_Task goal_
Below are the entries; give again exactly the lines from the one mentioning "LED 미러 시공간 터널" through the one mentioning "Since then, little", inclusive.

** Exercise data follows **

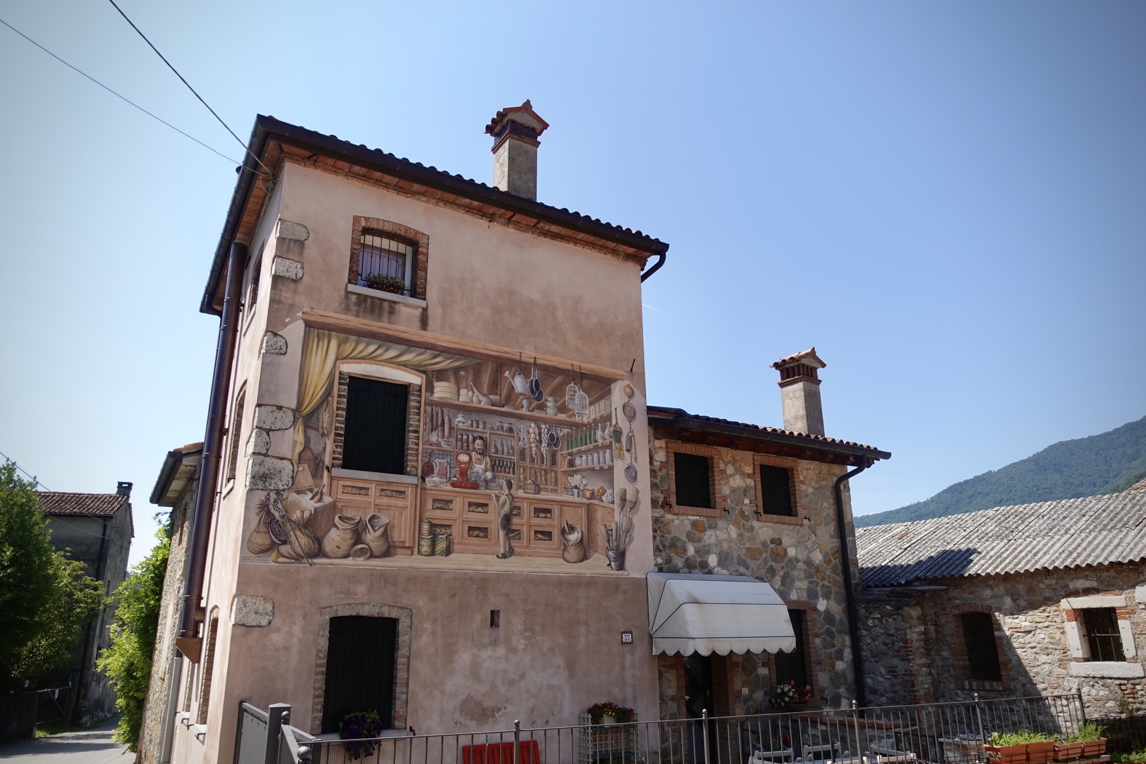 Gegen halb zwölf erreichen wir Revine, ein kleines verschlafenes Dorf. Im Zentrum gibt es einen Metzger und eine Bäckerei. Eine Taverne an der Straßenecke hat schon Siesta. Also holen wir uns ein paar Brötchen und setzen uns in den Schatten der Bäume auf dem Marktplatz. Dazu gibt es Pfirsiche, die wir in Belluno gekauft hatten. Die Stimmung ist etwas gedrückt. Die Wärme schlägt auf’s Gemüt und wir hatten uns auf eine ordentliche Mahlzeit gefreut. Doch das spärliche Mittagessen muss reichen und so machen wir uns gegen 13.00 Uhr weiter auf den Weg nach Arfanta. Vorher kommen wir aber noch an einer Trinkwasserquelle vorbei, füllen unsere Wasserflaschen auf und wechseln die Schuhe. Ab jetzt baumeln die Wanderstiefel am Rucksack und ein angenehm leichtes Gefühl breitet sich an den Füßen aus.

** End of Exercise data **
** Exercise data follows **

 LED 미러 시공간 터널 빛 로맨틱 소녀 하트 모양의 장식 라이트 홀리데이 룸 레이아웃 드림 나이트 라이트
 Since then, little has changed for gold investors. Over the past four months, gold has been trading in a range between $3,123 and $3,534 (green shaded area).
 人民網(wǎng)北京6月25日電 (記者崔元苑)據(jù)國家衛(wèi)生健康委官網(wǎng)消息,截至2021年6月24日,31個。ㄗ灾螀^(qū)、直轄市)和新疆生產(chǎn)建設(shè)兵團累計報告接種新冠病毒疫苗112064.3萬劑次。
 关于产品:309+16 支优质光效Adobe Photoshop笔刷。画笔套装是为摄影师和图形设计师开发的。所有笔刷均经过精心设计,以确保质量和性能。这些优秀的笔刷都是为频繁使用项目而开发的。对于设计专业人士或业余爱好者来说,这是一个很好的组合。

** End of Exercise data **
** Exercise data follows **

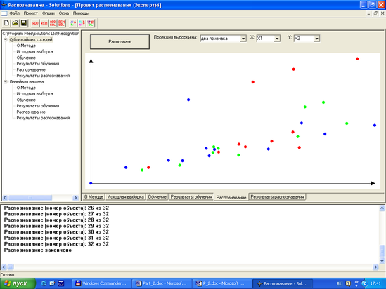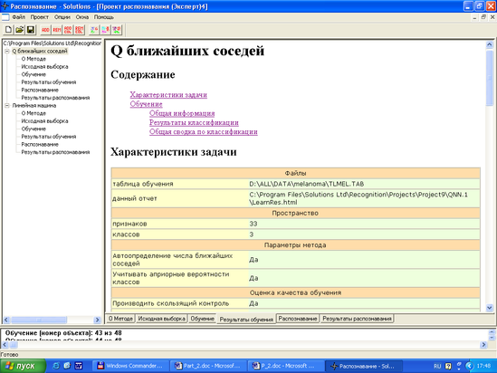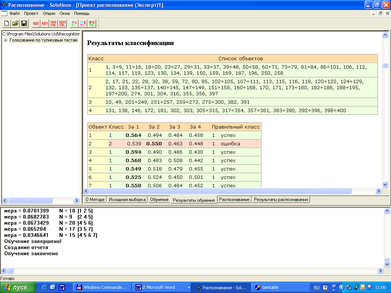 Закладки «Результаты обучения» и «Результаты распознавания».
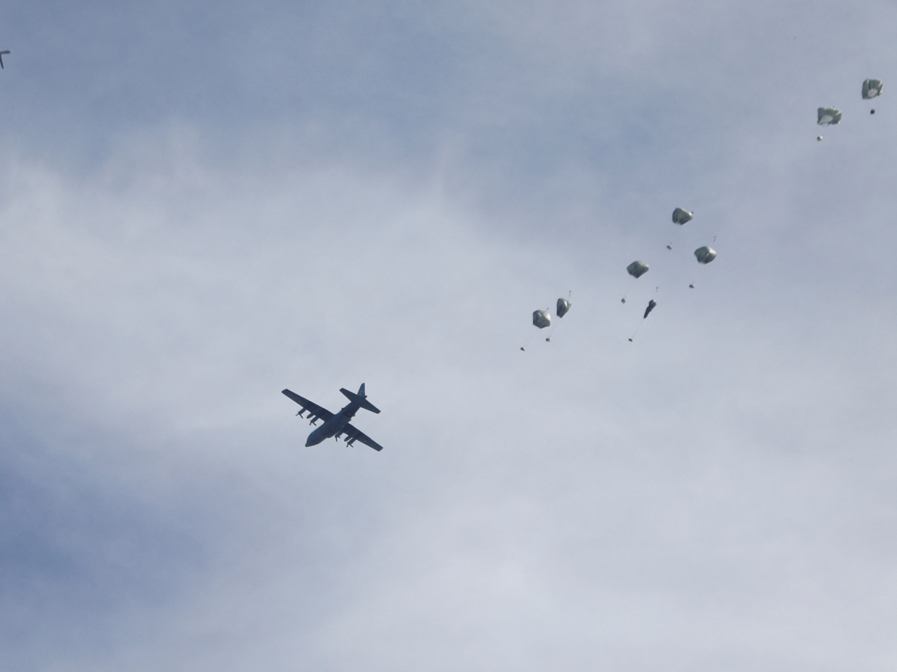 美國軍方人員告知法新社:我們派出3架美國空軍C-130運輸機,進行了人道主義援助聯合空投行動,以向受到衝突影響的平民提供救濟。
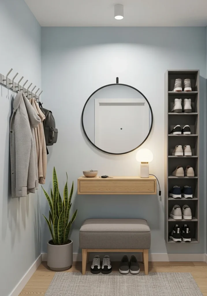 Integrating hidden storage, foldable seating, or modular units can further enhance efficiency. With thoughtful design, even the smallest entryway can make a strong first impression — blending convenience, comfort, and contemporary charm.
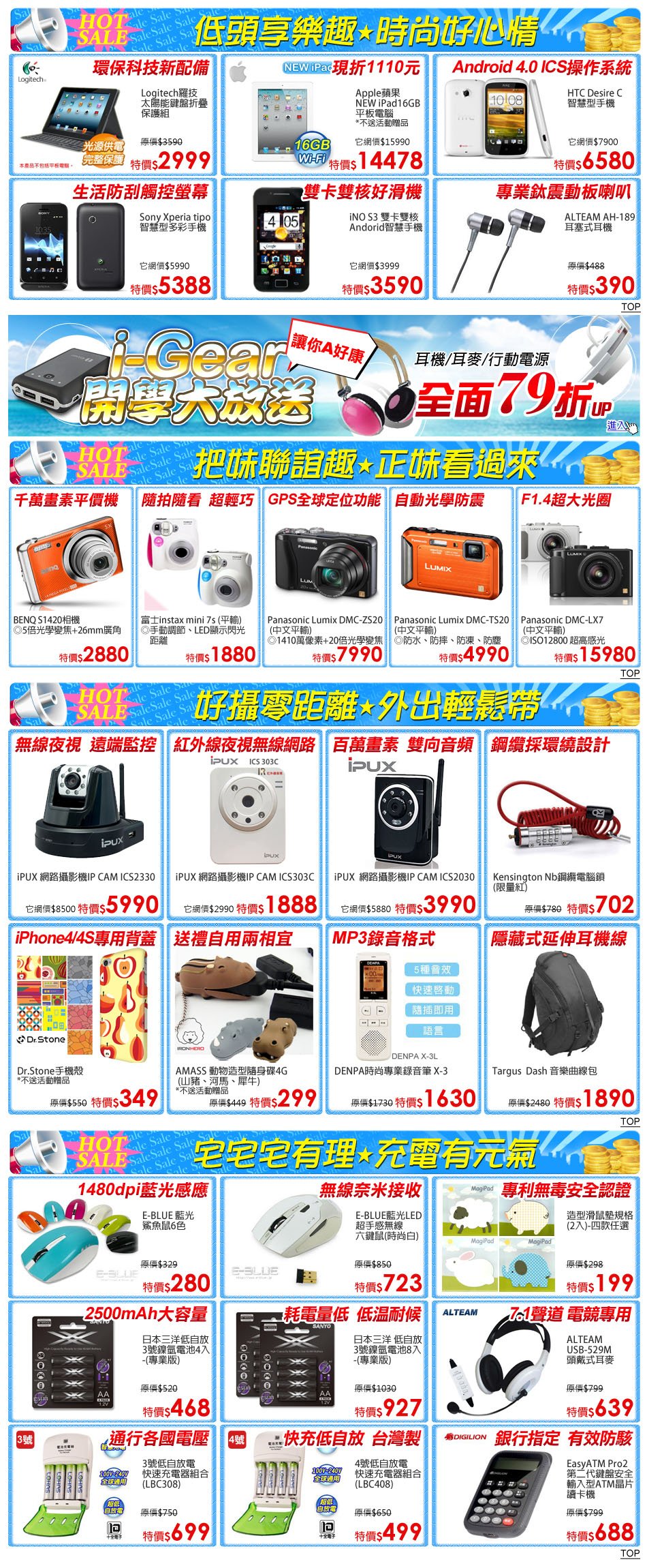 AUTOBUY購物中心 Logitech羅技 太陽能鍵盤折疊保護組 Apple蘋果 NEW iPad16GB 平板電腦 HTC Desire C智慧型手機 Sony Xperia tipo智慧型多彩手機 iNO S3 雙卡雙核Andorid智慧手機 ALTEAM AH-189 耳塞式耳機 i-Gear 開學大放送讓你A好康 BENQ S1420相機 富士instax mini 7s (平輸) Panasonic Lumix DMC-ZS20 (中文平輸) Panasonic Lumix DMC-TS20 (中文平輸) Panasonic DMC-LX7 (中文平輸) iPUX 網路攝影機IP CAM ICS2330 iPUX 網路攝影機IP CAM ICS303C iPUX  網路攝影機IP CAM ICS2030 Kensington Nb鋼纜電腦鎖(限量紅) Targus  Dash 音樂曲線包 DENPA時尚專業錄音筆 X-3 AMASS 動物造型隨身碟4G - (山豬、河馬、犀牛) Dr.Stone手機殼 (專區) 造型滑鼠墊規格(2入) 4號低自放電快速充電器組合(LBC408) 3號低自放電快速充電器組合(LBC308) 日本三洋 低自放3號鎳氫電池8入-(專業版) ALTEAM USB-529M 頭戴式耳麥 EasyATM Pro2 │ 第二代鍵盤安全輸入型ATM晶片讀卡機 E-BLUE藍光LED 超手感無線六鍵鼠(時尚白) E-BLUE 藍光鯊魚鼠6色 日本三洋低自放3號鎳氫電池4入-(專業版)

** End of Exercise data **

_Response area_
 LED 미러 시공간 터널 빛 로맨틱 소녀 하트 모양의 장식 라이트 홀리데이 룸 레이아웃 드림 나이트 라이트
 Since then, little has changed for gold investors. Over the past four months, gold has been trading in a range between $3,123 and $3,534 (green shaded area).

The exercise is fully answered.